# [Work task]
The data below should be copied out exactly, with its pictures omitted.

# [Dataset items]
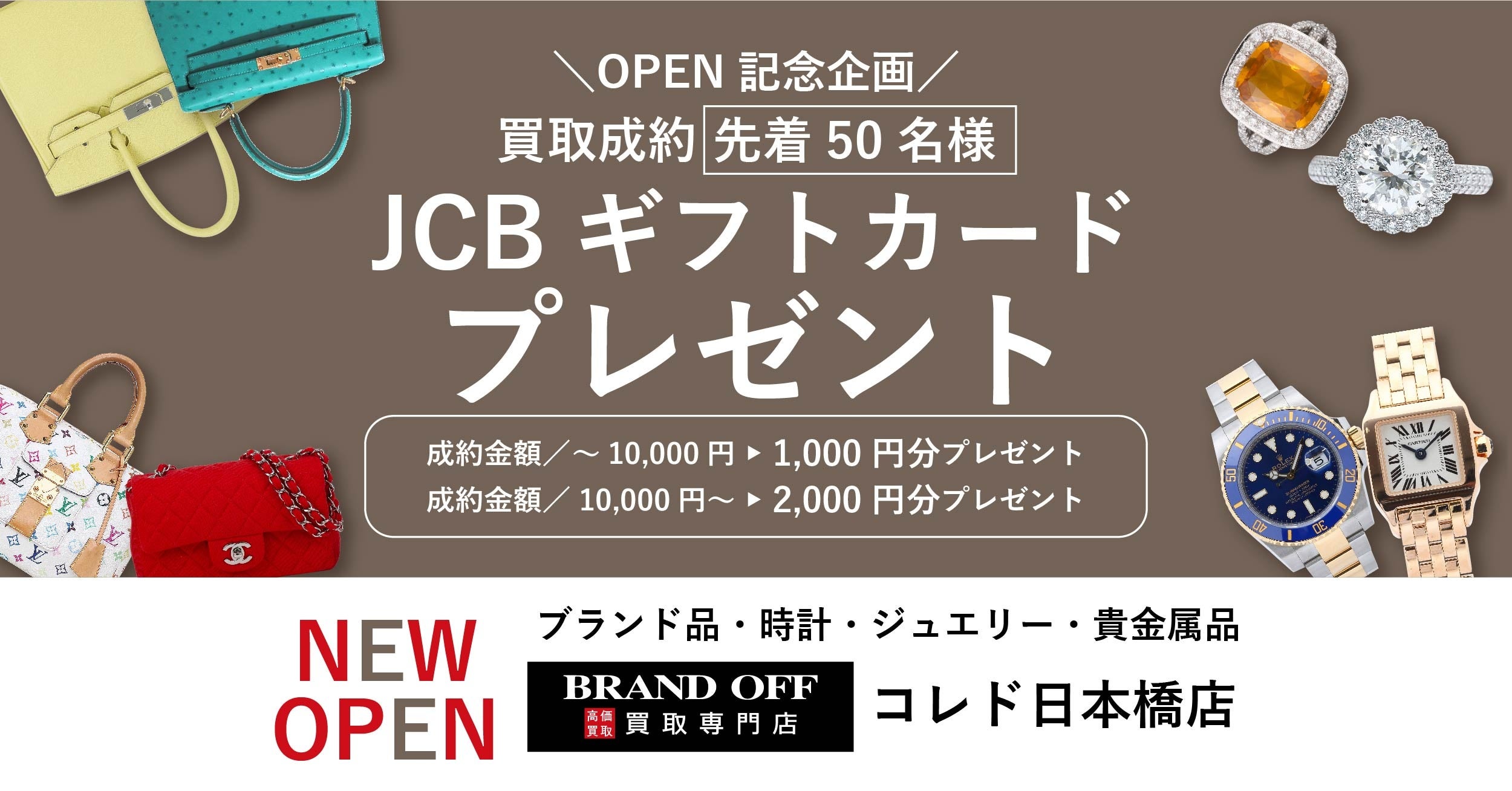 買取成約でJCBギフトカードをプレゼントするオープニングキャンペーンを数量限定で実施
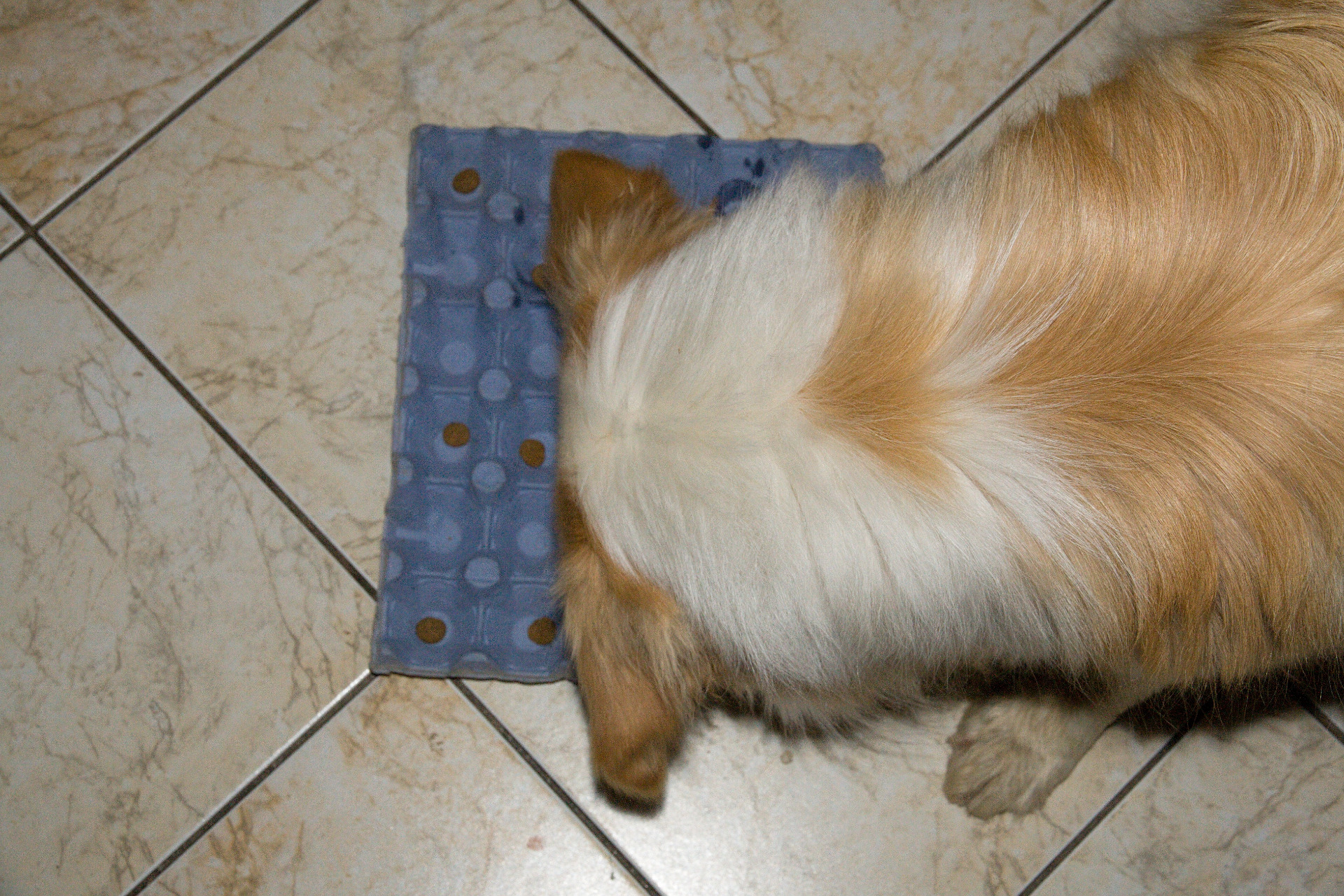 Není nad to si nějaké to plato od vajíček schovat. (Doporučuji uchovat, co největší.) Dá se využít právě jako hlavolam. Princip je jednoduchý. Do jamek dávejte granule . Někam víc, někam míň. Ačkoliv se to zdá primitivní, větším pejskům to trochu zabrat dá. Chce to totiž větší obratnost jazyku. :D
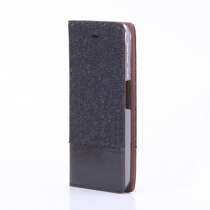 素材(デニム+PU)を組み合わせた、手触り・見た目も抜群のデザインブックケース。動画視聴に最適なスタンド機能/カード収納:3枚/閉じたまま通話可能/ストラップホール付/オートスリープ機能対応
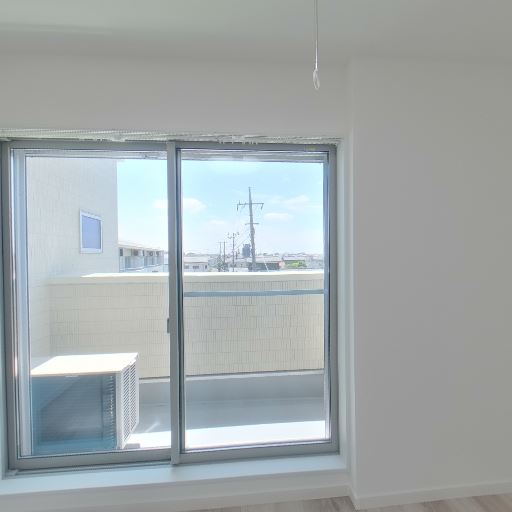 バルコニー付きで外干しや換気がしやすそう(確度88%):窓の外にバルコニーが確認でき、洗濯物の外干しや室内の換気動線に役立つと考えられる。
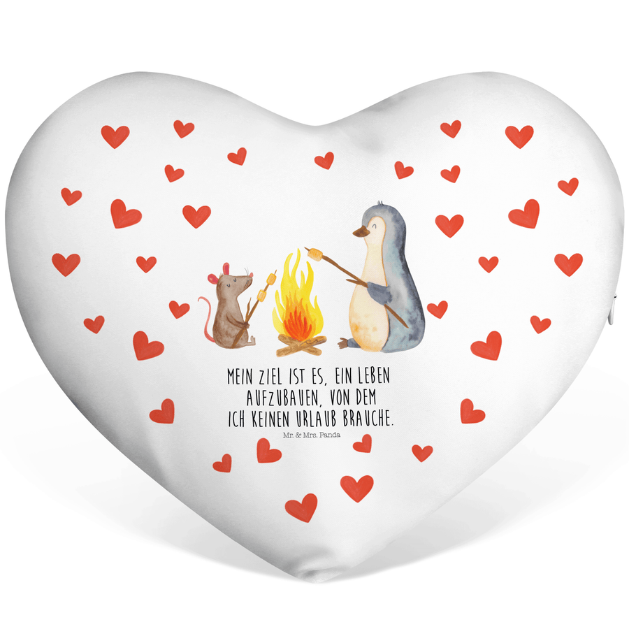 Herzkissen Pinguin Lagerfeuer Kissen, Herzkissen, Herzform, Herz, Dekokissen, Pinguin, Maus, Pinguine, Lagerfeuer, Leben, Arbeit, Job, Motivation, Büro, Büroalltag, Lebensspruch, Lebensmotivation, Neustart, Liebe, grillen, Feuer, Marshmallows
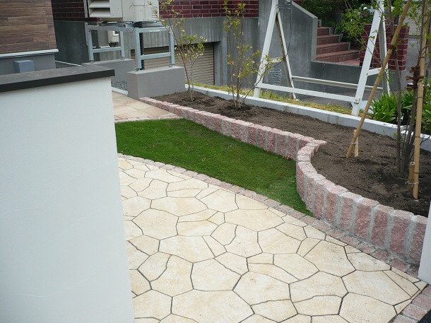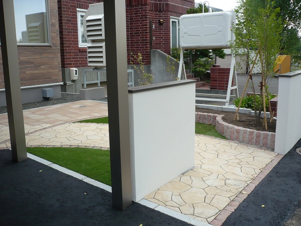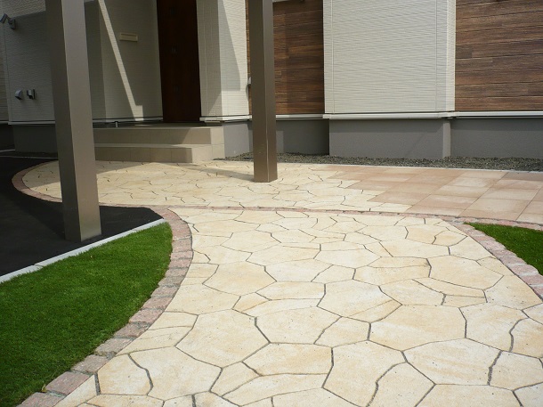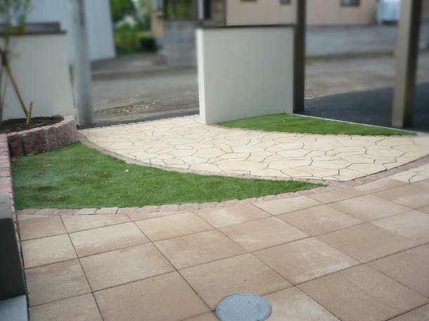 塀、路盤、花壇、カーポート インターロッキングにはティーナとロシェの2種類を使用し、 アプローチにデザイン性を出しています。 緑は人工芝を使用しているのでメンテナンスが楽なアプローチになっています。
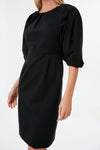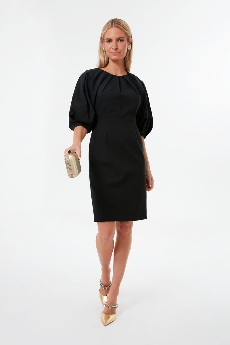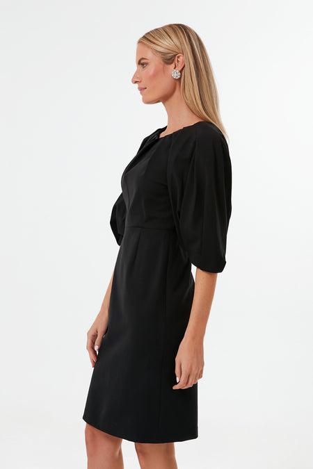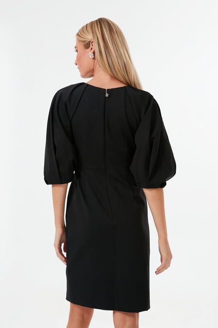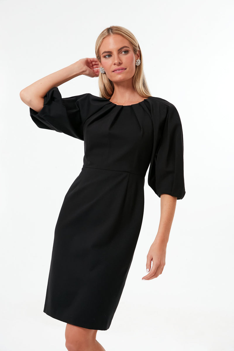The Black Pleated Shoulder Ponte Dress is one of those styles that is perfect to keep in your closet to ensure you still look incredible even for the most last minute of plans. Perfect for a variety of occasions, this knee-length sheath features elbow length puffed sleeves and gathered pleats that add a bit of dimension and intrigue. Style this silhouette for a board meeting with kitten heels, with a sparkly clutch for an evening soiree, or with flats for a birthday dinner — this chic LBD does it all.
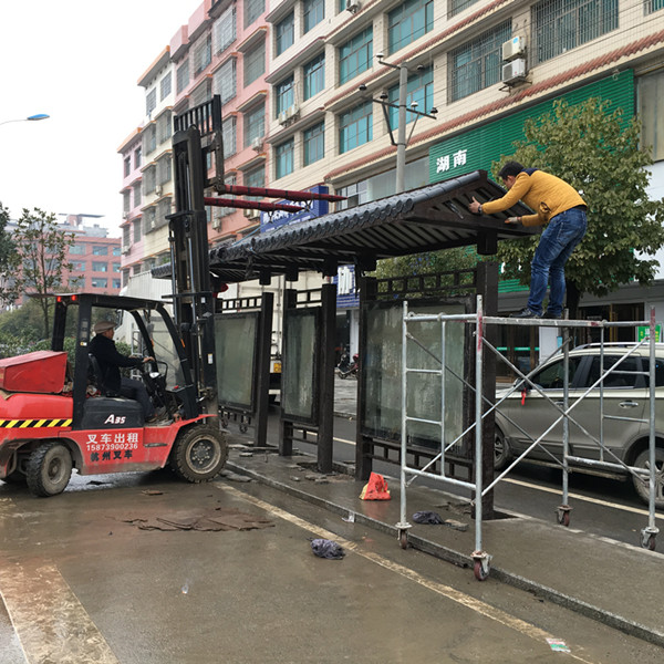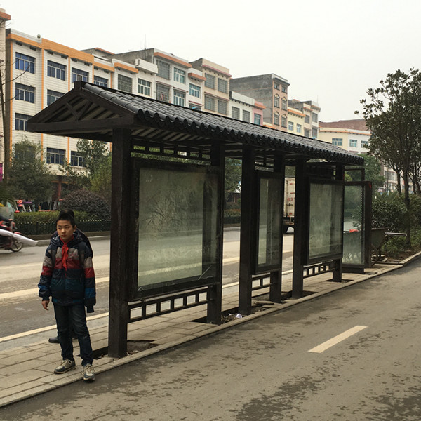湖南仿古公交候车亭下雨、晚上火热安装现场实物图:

# [Task result]
 買取成約でJCBギフトカードをプレゼントするオープニングキャンペーンを数量限定で実施
 Není nad to si nějaké to plato od vajíček schovat. (Doporučuji uchovat, co největší.) Dá se využít právě jako hlavolam. Princip je jednoduchý. Do jamek dávejte granule . Někam víc, někam míň. Ačkoliv se to zdá primitivní, větším pejskům to trochu zabrat dá. Chce to totiž větší obratnost jazyku. :D
 素材(デニム+PU)を組み合わせた、手触り・見た目も抜群のデザインブックケース。動画視聴に最適なスタンド機能/カード収納:3枚/閉じたまま通話可能/ストラップホール付/オートスリープ機能対応
 バルコニー付きで外干しや換気がしやすそう(確度88%):窓の外にバルコニーが確認でき、洗濯物の外干しや室内の換気動線に役立つと考えられる。
 Herzkissen Pinguin Lagerfeuer Kissen, Herzkissen, Herzform, Herz, Dekokissen, Pinguin, Maus, Pinguine, Lagerfeuer, Leben, Arbeit, Job, Motivation, Büro, Büroalltag, Lebensspruch, Lebensmotivation, Neustart, Liebe, grillen, Feuer, Marshmallows
 塀、路盤、花壇、カーポート インターロッキングにはティーナとロシェの2種類を使用し、 アプローチにデザイン性を出しています。 緑は人工芝を使用しているのでメンテナンスが楽なアプローチになっています。
The Black Pleated Shoulder Ponte Dress is one of those styles that is perfect to keep in your closet to ensure you still look incredible even for the most last minute of plans. Perfect for a variety of occasions, this knee-length sheath features elbow length puffed sleeves and gathered pleats that add a bit of dimension and intrigue. Style this silhouette for a board meeting with kitten heels, with a sparkly clutch for an evening soiree, or with flats for a birthday dinner — this chic LBD does it all.
湖南仿古公交候车亭下雨、晚上火热安装现场实物图:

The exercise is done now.